***** Given data *****
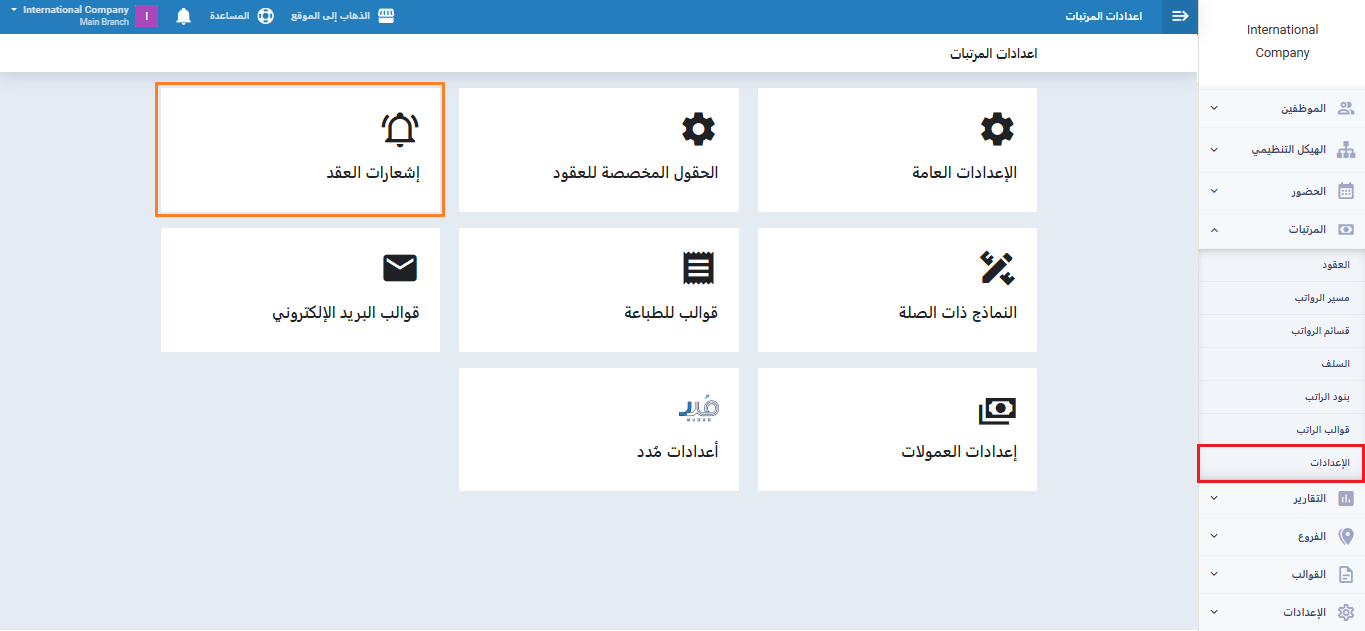 لضبط المدة التي ينبغي إبلاغك قبلها بإنتهاء عقد الموظف، اضغط على “الإعدادات” المنسدلة عن “المرتبات” بالقائمة الرئيسية، ثم اضغط على “إشعارات العقد”.
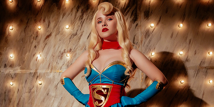 En el sitio web reddit.com, el cosplayer Astelvert creó una interpretación magnífica del atuendo vintage de Supergirl. El peinado de la década de 1940 se reproduce perfectamente aquí, junto con el azul claro de la sección base del disfraz. El escudo S característico de Supergirl se encuentra en su estómago en lugar de en su pecho, y se usa a la manera de un gran cinturón que replica a los artistas del circo. Los acentos dorados en los bordes de los guantes y el escudo S completan el look, junto con botas rojo oscuro (una llamada al propio traje de la Edad de Oro de Superman). Una banda roja alrededor del cuello de Astelvert agrega la última pieza de rojo necesaria para completar el look Bombshell Supergirl.
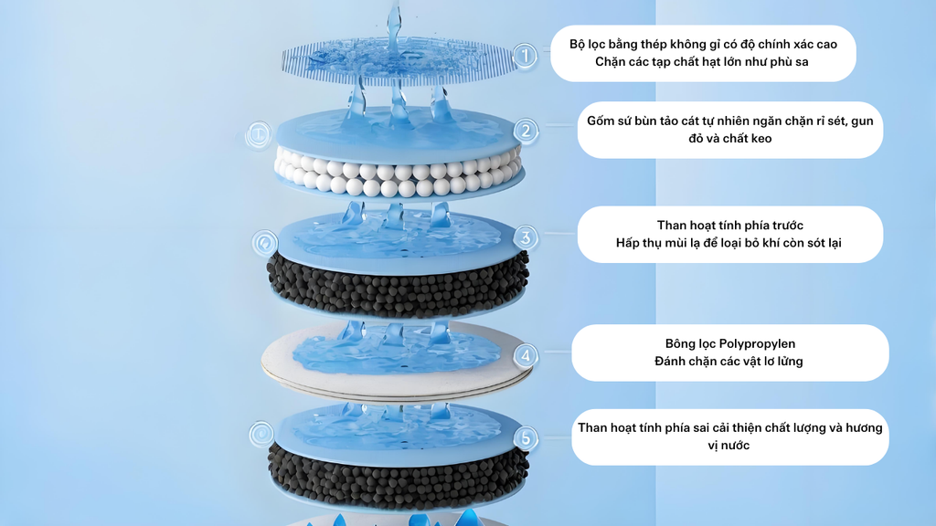 Lọc 5 cấp độ - giữ lại các khoáng chất ban đầu trong nước thô
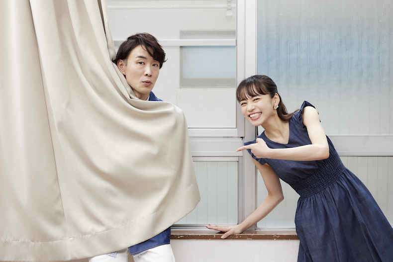 ▲カーテンを使って撮った取材陣のサンプル画像を見て、マネしてくれる生田さん。そしてそれを笑う真彩さんの「うしし」な表情(笑)。
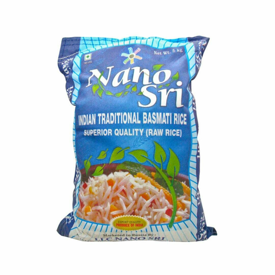 Рис басмати индийский непропаренный Nano Sri длиннозерный, 5 кг
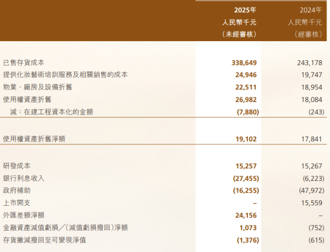 数据显示,2021年至2024年,毛戈平的研发成本分别为1370.3万元、1454.8万元、2397.5万元、3231.1万元,研发费用率分别为0.87%、0.8%、0.83%和0.83%,2025年上半年,毛戈平的研发成本为1525.7万元,较去年同期的1526.7万元略有下降,研发占比仅为0.58%,多年来该项数据均低于1%。这一数字与同行业上市公司2%-3%的平均研发费用率相比,有一定差距。
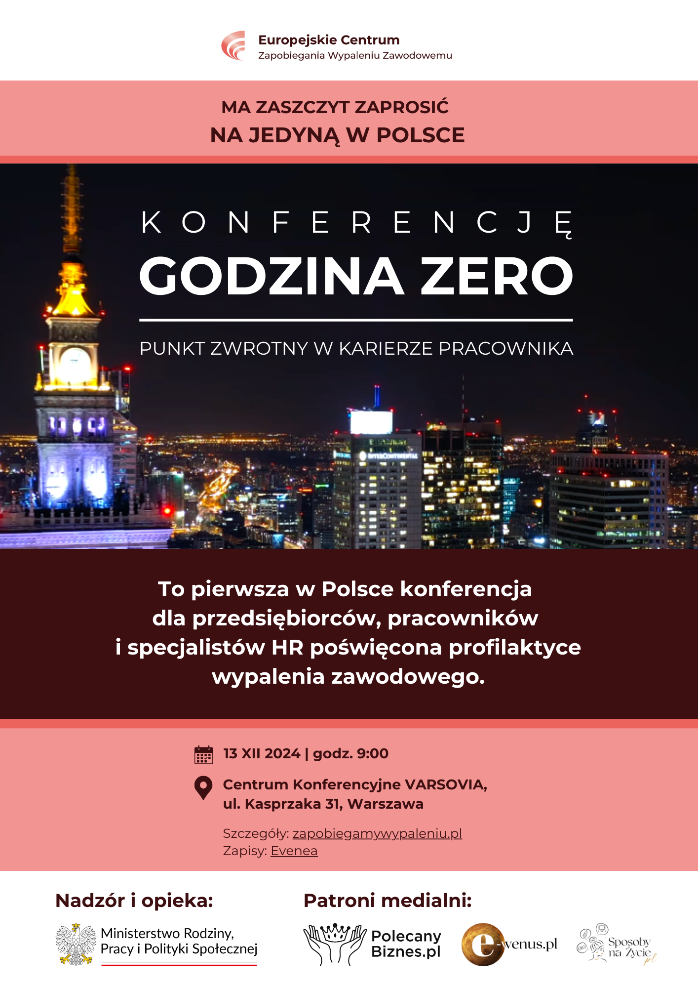 GODZINA ZERO to KONFERENCJA, która jest odpowiedzią na ważne i pilne potrzeby społeczeństwa i szeroko rozumianego biznesu. Wypalenie zawodowe to stan emocjonalny, kondycja psychosomatyczna, która znacząco wpływa na ścieżki kariery pracowników, społeczne życie jednostki oraz zasoby ekonomiczne i personalne przedsiębiorstwa.
*****
Task details:
Leaving all pictures out, output exactly the lines of the material above from the line with "Lọc 5 cấp độ" to the line with "Рис басмати индийский", both included.

Output:
 Lọc 5 cấp độ - giữ lại các khoáng chất ban đầu trong nước thô
 ▲カーテンを使って撮った取材陣のサンプル画像を見て、マネしてくれる生田さん。そしてそれを笑う真彩さんの「うしし」な表情(笑)。
 Рис басмати индийский непропаренный Nano Sri длиннозерный, 5 кг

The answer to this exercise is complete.